Ученый, предприниматель, общественный деятель, благотворитель
Журнал «Социум» №30-31. 1993 год

Наше бытие как карнавал (заметки культуролога)

Маскарад... Разверзся праздник, ритуальный хаос. Автор рисунка: О. Бердслей
Маскарад... Разверзся праздник, ритуальный хаос. Автор рисунка: О. Бердслей

Один из универсальных законов организации человеческого общества – периодические, обычно ежегодные, праздники, во время которых общество и весь мир ввергаются в состояние хаоса, чтобы затем вновь восстановился космический порядок. Схема перехода Космос – Хаос – Космос так или иначе присутствует в любом обществе, проявляя себя в самых разных сферах человеческой культуры – от древних театрализованных ритуалов до современных народных бунтов и революций.

Один из главных символов, посредством которого наиболее зримо осуществляется ритуальный переход Космос – Хаос – Космос, есть Царь, первый человек. Именно царь, отец, первый ритуально (а порой и на самом деле) развенчивается, меняется местами с шутом, сыном. С последним, чтобы к концу ритуала вновь водвориться (самому или рождённому из ритуала преемнику) на трон. Яркий пример таких иерархических перемещений, как показал М. Бахтин, являет собой средневековый карнавал.

Подобная архетипическая схема, как мы попытаемся показать ниже, способна даже управлять историей или по крайней мере вносить в неё коррективы. Итак, во время праздника карнавального типа Царь-отец, мудрейший, меняется местами с Сыном-дураком. Пройдя через такие очистительные обряды (как бы очистившись смехом – недаром смех занимает важное место в карнавальных действах), Царь-отец становится ещё более могущественным и мудрым, а стоящее за ним общество – более жизнестойким.

Русские цари Иван Грозный и Пётр Первый нередко совершали потешные церемонии, причём делали это не только потому, что так традиционно должны были оформляться их политические функции, но и потому, что самим царям и их окружению был вообще близок карнавальный дух маскарада и переряживания. Но такие «карнавалы» длились, как правило, недолго, и Царь-отец вновь представал в своём грозном виде.

В истории нашей страны, однако, известны периоды, когда эпоха Отца-царя длилась достаточно долго без очищающего и оздоровительного вторжения карнавального хаоса Сына-дурака.

Жизнь коротка; ее длит сильно скука... Без маскарада Рисунок О. Бердслея

Жизнь коротка; её длит сильно скука... Без маскарада. Автор рисунка: О. Бердслей

Сталину если и была присуща некоторая карнавальность, то она ограничивалась узкими рамками приближённых, которые в лучшем случае становились объектами царских прихотей и шуток. «Карнавал» наступил лишь после смерти Отца-тирана, с приходом озорного Сына, чья роль выпала Хрущёву.

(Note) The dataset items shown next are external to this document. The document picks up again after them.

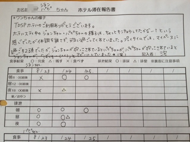8月の父のお通夜と葬儀の時にペットホテルに預けた時の報告書にも書かれていました。
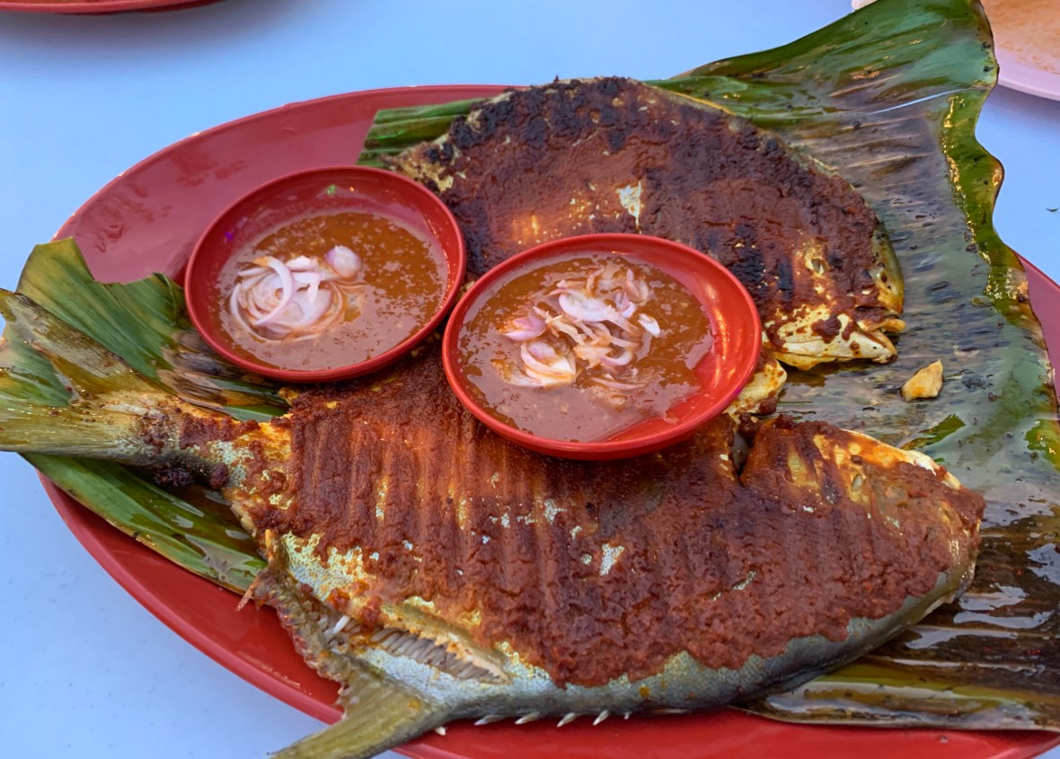 Grab some Ampula/Ambra Juice and enjoy! We start at a great BBQ place, choose what you want and they will grill it for you. Grilled Sambal Pomfret Roasted Brinjal Sweet Chili La La Grilled Chicken Wing And of course you have to add on – Penang Char Kway Teow Simple life, great food.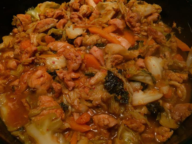 hier wird es demnächst dakgalbi: 닭갈비 geben (huhn mit gemüse), leider enkel&opa-bedingt massiv chilireduziert.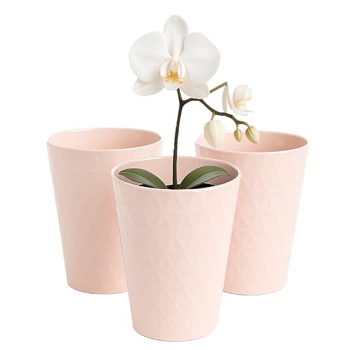 Home Garden Ornaments Plant Pots Indoor Orchid Pots 3 Pcs Glossy & Pearly Look Durable Indoor Plant Pot for Plants & Flowers (13 cm / 5.1 inch Pink)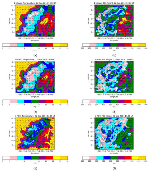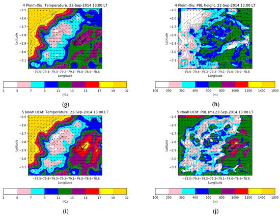 Modeled temperature and planetary boundary layer height on 22 September 2014 (13:00 LT): (a,b) 1 5-Layer; (c,d) 2 Noah; (e,f) 3 RUC; (g,h) 4 Pleim–Xiu; (i,j) 5 Noah UCM.

Свергнуть Отца может лишь мифологический шут – Сын-дурак. Судьба распорядилась так, что Хрущёв не только своей исторической миссией, но и внешними чертами, и поступками как бы работал в пользу образа мифологического Сына-дурака. Думается, Хрущёву каким-то образом удалось притвориться человеком вполне ручным, без особых амбиций. Рассказывали, что во время длительных ночных посиделок на ближней даче в Кунцеве, где вождь жил последние тридцать лет, Хрущёв отплясывал гопака.

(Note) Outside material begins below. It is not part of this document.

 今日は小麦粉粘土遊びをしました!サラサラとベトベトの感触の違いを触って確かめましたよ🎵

Такая приниженность, простонародность – характерный признак мифологического дурака. Но дело не только во внешних признаках. Хрущёв и своими поступками дополняет выпавшую ему историческую роль. Например, он карнавально переставлял верх и низ – стучал башмаком (низовым объектом) по трибуне на высшем мировом форуме (по самому верху), давал высшее звание героя самым низовым людям, наконец, переместил Отца из ритуального фараонского зримого бессмертия в невидимый низ могилы. Отметим ещё таинственную «кузькину мать», упоминавшуюся с высоких трибун, и проводимый Хрущёвым курс на бездумную сплошную культивацию кукурузы – сравните сказочного дурака, путающего злаки и сорняки, домашних и диких животных.

Таким образом, эпоха Отца-тирана сменилась эпохой Сына-дурака, которая так же, как предыдущая, шла фактически с одним героем, на этот раз карнавальным шутом, который тоже не может существовать долго один, без Отца. По логике карнавала на смену шутовскому царю должен вновь прийти Царь-отец. Наступила эпоха правления Брежнева, или, как её теперь называют, эпоха застоя. Карнавал завершился, но на смену Сыну пришёл не настоящий Отец, а его подмена, воцарился не Царь, а Лжецарь. Самозванец. Но, видимо, впервые Лжеотец оказался настоящей карикатурной подменой Отца.

Если Отец написал «фундаментальные» многотомные труды, то Лжеотец – три тоненькие брошюры (да и то не сам); если первый отвоевал, можно сказать, Большую землю, то второй – Малую землю; если у одного был акцент, то у другого – дефект речи. Даже знаменитые усы Отца получили карикатурный аналог у Лжеотца – не менее знаменитые брови. Даже день рождения Самозванца – 19 декабря – чуть-чуть не дотянулся до заветного 21 декабря. И вообще, «культ личности», который пытались насадить Брежнев и его сподвижники, так и не был никем серьёзно воспринят и носил откровенно карикатурный характер.

***

Всё это автор осмыслил ещё в эпоху Лжеотца и с тревогой ждал, что будет со страной, ведь после Лжеотца должен прийти настоящий Отец! Может быть. Отец вернулся вместе с Андроповым – вспомним первые массовые мини-репрессии за нарушения трудовой дисциплины. Однако краткий период правления не успел обрести статуса исторической эпохи, не оброс анекдотами и не получил соответствующей мифологической оценки. Так что упорная закономерность вроде бы потерпела неудачу.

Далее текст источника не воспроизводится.